Textractor has been under slow development during the last few months. I'm happy to announce that a new release has been submitted to Jolla Harbour and it should be available in near future on the Jolla Store. If you don't want to wait, you can also download it straight from GitHub.

The new version has multiple new features. As I wrote earlier, one of them is perspective correction. This means that you will be able to select an area from the image before the OCR process. Textractor will try correct the perspective distortion of the selected area and passes the resulting new cropped image to the Tesseract OCR after preprocessing it.
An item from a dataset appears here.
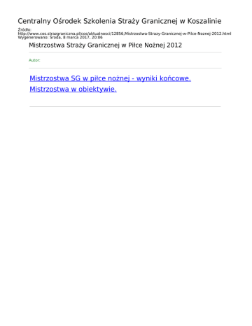 Centralny Ośrodek Szkolenia Straży Granicznej w Koszalinie Źródło: http://www.cos.strazgraniczna.pl/cos/aktualnosci/12856,Mistrzostwa-Strazy-Granicznej-w-Pilce-Noznej-2012.html Wygenerowano: Środa, 8 marca 2017, 20:06 Mistrzostwa Straży Granicznej w Piłce Nożnej 2012 Autor: Mistrzostwa SG w piłce nożnej - wyniki końcowe. Mistrzostwa w obiektywie.

OCR process can be now also observed on the application cover page. In addition to that, the preprocessed image is shown during the OCR process (note: some images may be shown completely black, but the image should be fine nevertheless). Camera orientation can be now locked in portrait or landscape mode. Automatic mode is of course still available too.


Another interesting new feature is text extraction from PDF files. I had to design the UI for the file picker from scratch because SFOS still has no ready component for it. I also took the latest QML FolderListModel from Qt 5.6 upstream and shipped it with the app because I couldn't import the actual SFOS FolderListModel due to Harbour limitations.

When I was trying to get the file picker working "some easy way" I did some interesting hacking with QFileSystemModel too. It depends on Qt widgets for some unknown reason. After some googling I found out that it requires some icon stuff from OS so I overwrote one method with dummy implementation and got it working... almost. Everything was fine but the file listing in UI never worked when I opened a folder for the first time. After going back up and opening the folder again everything was fine. However, this was unacceptable behaviour and the code never saw daylight.

After selecting a PDF file user can select desired pages and proceed to OCR. This method is mainly intented to be used for example with scanned PDF files. It works well with normal PDF files too but as the text can be usually copied from them it makes no sense to run OCR for such files.